### TASK ITEM
Pictures must be left out. Retype exactly the lines from the one containing "Combo X8 – Todo" through the last line of the records below.
+++
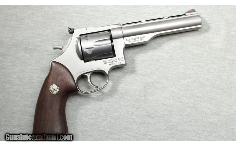 Description: Excellent condition, light wear, few small scratches. Dan Wesson .44 Magnum revolver, 6" ribbed heavy barrel with shrouded ejector, matte stainless finish, adjustable sights, 6 shot fluted cylinder, checkered hammer and DW premium smooth wood grips. .44 Magnum SOLD Chambers: Revolver Metal Condition: Excellent Bore Condition: Bright Barrels: 6 Triggers: Double and single action Butt Pad: Wood grips Sights: "Adjustable rear, red ramp front sights Item Location: La Vista, NE |
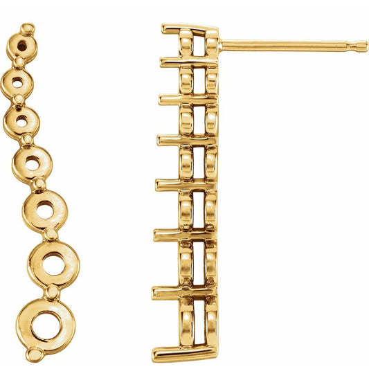 10k Yellow Gold Journey Drop Dangle Earrings Mounting (Right Side Mounting Only, Not All Stones Included)
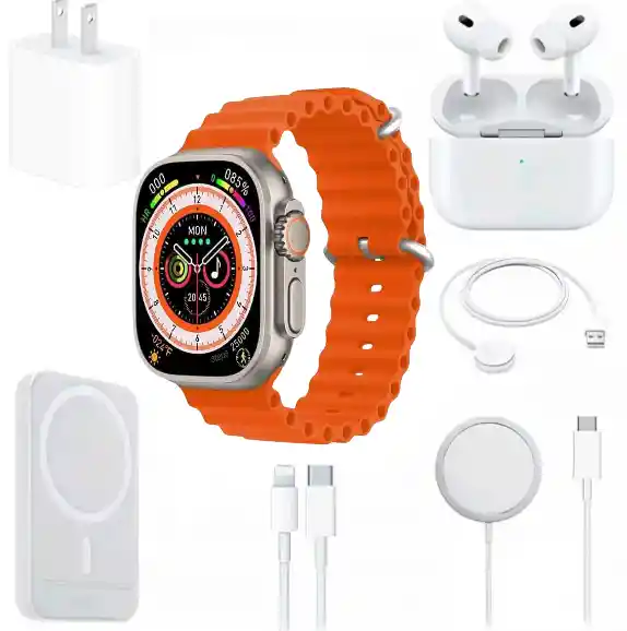 Combo X8 – Todo lo que Necesitas en un Solo Kit Tecnológico Haz tu vida más fácil y eficiente con el Combo X8, el kit definitivo para mantener tus dispositivos cargados, conectados y listos para usar en todo momento. Perfecto para usuarios activos y modernos. Contenido del combo: Smartwatch inteligente: Funciones de monitoreo, notificaciones y más. Audífonos inalámbricos: Ligeros, cómodos y con gran autonomía. Batería externa: Recarga sobre la marcha sin depender de enchufes. Base de carga inalámbrica: Adiós a los cables enredados. Cargador de pared: Para carga directa en casa u oficina. Usos recomendados: Viajes, ejercicio, oficina o uso personal diario. Solución ideal para quienes utilizan múltiples dispositivos móviles. 📌 Todos los productos del combo cuentan con garantía de 30 días por defectos de fábrica.
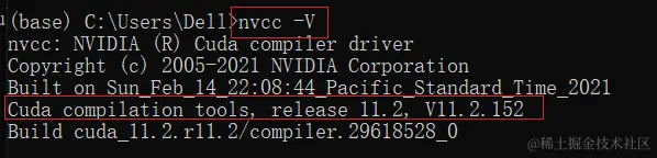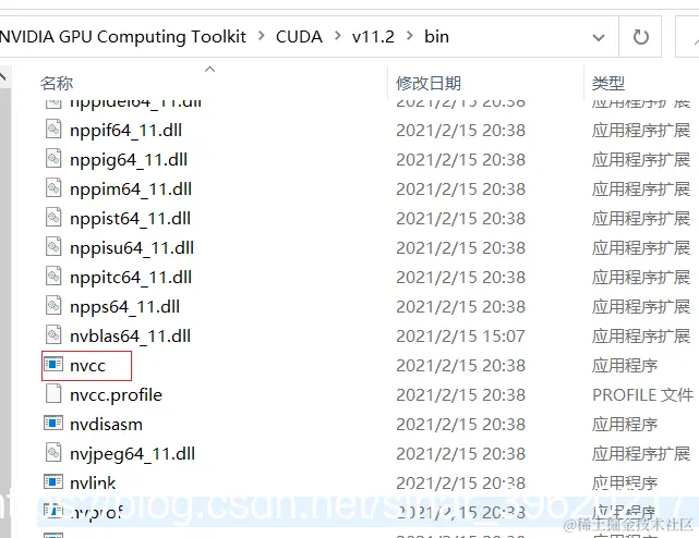 如果命令无法识别,则说明安装失败。同时我们也可从 CUDA 的安装路径“C:\Program Files\NVIDIA GPU Computing Toolkit\CUDA\v11.2\bin”下找到“nvcc.exe”程序,
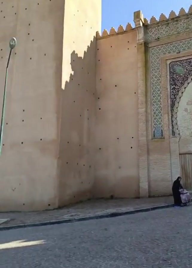 view of a large, ornate arched gate leading into a city or town. The gate is made of light brown brick and features intricate tilework in blue, green, and white. People and a few vehicles pass through the gate. The camera then pans to the right to reveal a high, thick wall that appears to be part of the city's defenses. The wall is made of the same light brown brick as the gate and is dotted with small openings. The area outside the wall is paved and includes a park-like space with trees, grass, and decorative fencing. In the distance, there is a view of the city, possibly situated on a hill or overlooking a valley. Palm trees and other vegetation are visible. The sky is clear and blue.
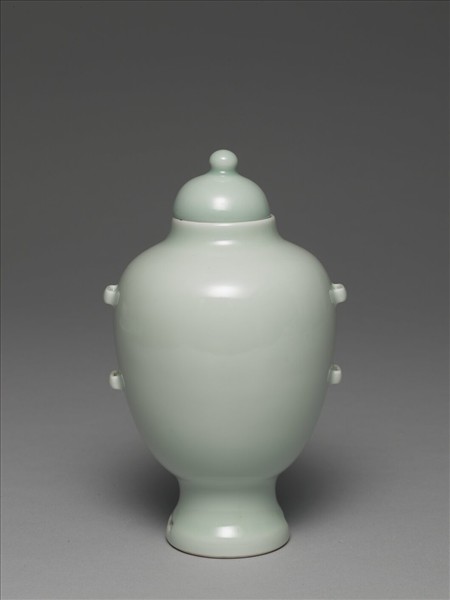 直口,斜肩,長斂腹,兩側各貼飾二橋形繫耳,高圈足外撇,足上有二個長方形穿孔,圓鈕穹頂形蓋。全器施青釉,光素無紋。圈足足底周緣露胎,底施青釉,以青花書「大清雍正年製」三行六字篆書款。
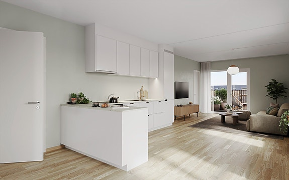 Velkommen til Ankerløkka Park! Leilighetene er utstyrt med moderne kjøkken fra Sigdal. Kun ment som illustrasjon.
+++
### ANSWER
 Combo X8 – Todo lo que Necesitas en un Solo Kit Tecnológico Haz tu vida más fácil y eficiente con el Combo X8, el kit definitivo para mantener tus dispositivos cargados, conectados y listos para usar en todo momento. Perfecto para usuarios activos y modernos. Contenido del combo: Smartwatch inteligente: Funciones de monitoreo, notificaciones y más. Audífonos inalámbricos: Ligeros, cómodos y con gran autonomía. Batería externa: Recarga sobre la marcha sin depender de enchufes. Base de carga inalámbrica: Adiós a los cables enredados. Cargador de pared: Para carga directa en casa u oficina. Usos recomendados: Viajes, ejercicio, oficina o uso personal diario. Solución ideal para quienes utilizan múltiples dispositivos móviles. 📌 Todos los productos del combo cuentan con garantía de 30 días por defectos de fábrica.
 如果命令无法识别,则说明安装失败。同时我们也可从 CUDA 的安装路径“C:\Program Files\NVIDIA GPU Computing Toolkit\CUDA\v11.2\bin”下找到“nvcc.exe”程序,
 view of a large, ornate arched gate leading into a city or town. The gate is made of light brown brick and features intricate tilework in blue, green, and white. People and a few vehicles pass through the gate. The camera then pans to the right to reveal a high, thick wall that appears to be part of the city's defenses. The wall is made of the same light brown brick as the gate and is dotted with small openings. The area outside the wall is paved and includes a park-like space with trees, grass, and decorative fencing. In the distance, there is a view of the city, possibly situated on a hill or overlooking a valley. Palm trees and other vegetation are visible. The sky is clear and blue.
 直口,斜肩,長斂腹,兩側各貼飾二橋形繫耳,高圈足外撇,足上有二個長方形穿孔,圓鈕穹頂形蓋。全器施青釉,光素無紋。圈足足底周緣露胎,底施青釉,以青花書「大清雍正年製」三行六字篆書款。
 Velkommen til Ankerløkka Park! Leilighetene er utstyrt med moderne kjøkken fra Sigdal. Kun ment som illustrasjon.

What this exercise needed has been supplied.